### What the exercise asks
Nothing in the copy should be a picture; everything else in the listing is to be restated exactly.

### Input data
# # # #

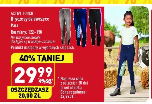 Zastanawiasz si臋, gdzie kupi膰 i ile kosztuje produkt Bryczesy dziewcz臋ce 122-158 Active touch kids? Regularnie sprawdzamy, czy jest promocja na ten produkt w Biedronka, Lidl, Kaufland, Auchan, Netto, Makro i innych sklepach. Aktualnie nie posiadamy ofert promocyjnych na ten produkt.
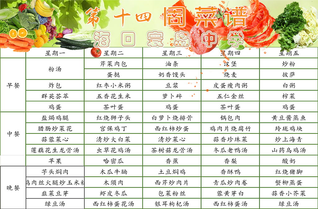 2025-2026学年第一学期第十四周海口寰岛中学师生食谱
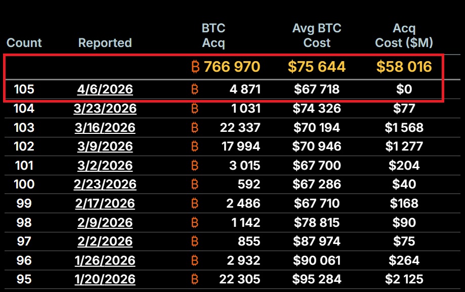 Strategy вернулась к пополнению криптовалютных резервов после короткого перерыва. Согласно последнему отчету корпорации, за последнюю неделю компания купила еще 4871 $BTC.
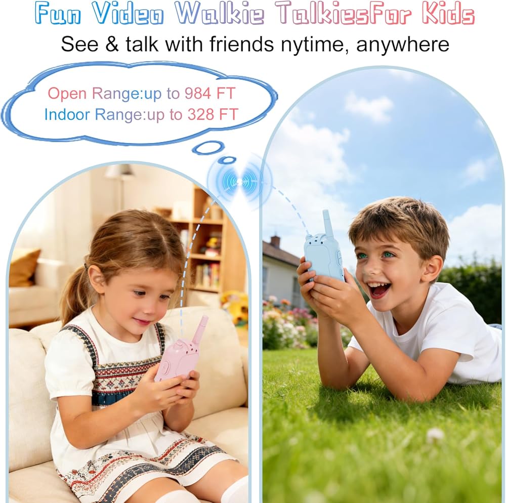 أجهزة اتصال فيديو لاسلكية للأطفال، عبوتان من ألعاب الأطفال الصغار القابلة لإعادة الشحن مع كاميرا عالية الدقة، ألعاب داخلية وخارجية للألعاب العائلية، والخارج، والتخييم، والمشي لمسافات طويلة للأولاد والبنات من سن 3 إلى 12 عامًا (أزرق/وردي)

# # # #

### Task answer
 Zastanawiasz si臋, gdzie kupi膰 i ile kosztuje produkt Bryczesy dziewcz臋ce 122-158 Active touch kids? Regularnie sprawdzamy, czy jest promocja na ten produkt w Biedronka, Lidl, Kaufland, Auchan, Netto, Makro i innych sklepach. Aktualnie nie posiadamy ofert promocyjnych na ten produkt.
 2025-2026学年第一学期第十四周海口寰岛中学师生食谱
 Strategy вернулась к пополнению криптовалютных резервов после короткого перерыва. Согласно последнему отчету корпорации, за последнюю неделю компания купила еще 4871 $BTC.
 أجهزة اتصال فيديو لاسلكية للأطفال، عبوتان من ألعاب الأطفال الصغار القابلة لإعادة الشحن مع كاميرا عالية الدقة، ألعاب داخلية وخارجية للألعاب العائلية، والخارج، والتخييم، والمشي لمسافات طويلة للأولاد والبنات من سن 3 إلى 12 عامًا (أزرق/وردي)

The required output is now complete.